A year ago, I was pretty miserable. That pregnancy was my hardest, for a multitude of reasons, but now that the memories aren't quite so fresh, I'm feeling nastolgic. Isn't that insane? HOW can a person feel nastolgic about full-body swelling, constantly aching joints, 9 months of nausea, and a labour that leaves you sore, bloodied and bruised? But I get a baby afterwards. A yummy, sweet, snuffly little baby that's all MINE.
I had my fourth baby at home, in the middle of the night. The midwives cleaned up and left me sitting in our overstuffed armchair, holding my sleeping 2-hour-old baby and watching the sun come up. I couldn't sleep at that moment. Everything was too perfect.

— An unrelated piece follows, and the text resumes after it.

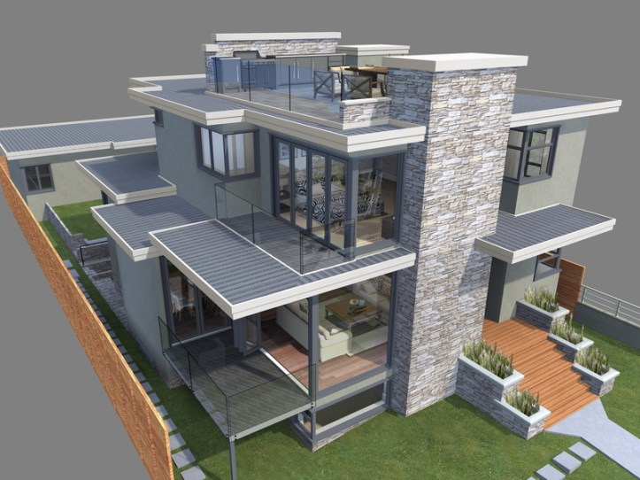 above is a rendering of the proposed house from the street. to keep the front fenestration of the house from being over-sized and completely exposed, the use of a grounding and solid feature, being the stone chimney, is used. This element also breaks up the elevation quite nicely. A nice use of corner doors and windows allows those views to come into the house. this being the north side of the house, the roof overhangs are kept to a minimum to allow as much soft indirect light into the space. the covered entry has the benefit of being next to he chimney element hence allowing the stone feature naturally be part of the porch and entry beyond (i hope – we shall see once we take a look at the floor plans further.) having flat roofs naturally leads to having roof top decks. it looks like that is the way to go as this site has quite a stunning view.

And now, as if I've woken up from a dream, my brand-new baby has turned into a roly-poly, curly-haired, walking and babbling TODDLER. She doesn't even turn one until next week! I have a hard time comprehending the changes that have taken place. At least with the older kids, some years have more gradual growth, but that first year is almost on par with the metamorphosis of a caterpiller.
I love having so many kids. I feel like my skills have improved greatly over time, and the way I deal with my baby is so much more relaxed and easy going than the way I've dealt with things in the past. If she gets dirty, so what? If she falls over, she'll usually be okay. A little bit of ice cream won't hurt her.
Several friends of mine are either pregnant or have tiny babies. Now that I'm sure that I have this whole baby thing sussed, it doesn't seem like such a big deal to add another.
Remind me of the flaws in this thought process in 10 years or so, when I am inundated with teenagers and have more to come. Who knows, though; it may seem easy to have a teenager, too, when I get to my fourth. It's the first three that I have to worry about.